:: DATA EXCERPT
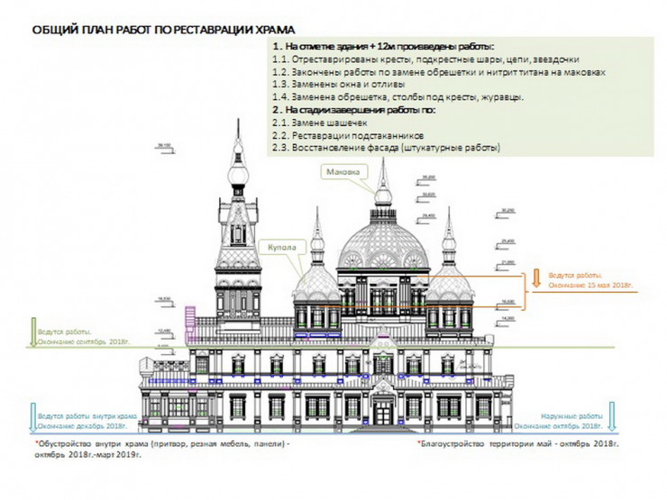 Реставрация фасадов закомар центрального купола
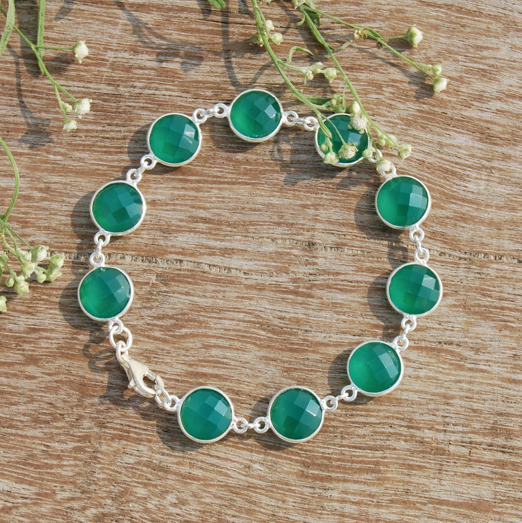 Product : Green Onyx Round Checker Cut Beaded Bracelet
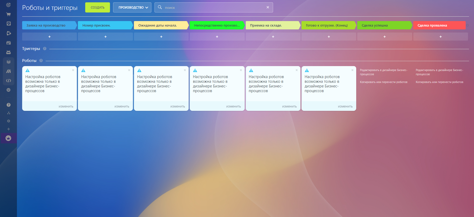 В процессе смены этапов производства менеджеру будут поступать уведомления о продвижении сделки по производству.
::::
## TASK DETAILS
With the images excluded, reproduce the data above precisely as written.

## SOLUTION TO THE PROBLEM
 Реставрация фасадов закомар центрального купола
 Product : Green Onyx Round Checker Cut Beaded Bracelet
 В процессе смены этапов производства менеджеру будут поступать уведомления о продвижении сделки по производству.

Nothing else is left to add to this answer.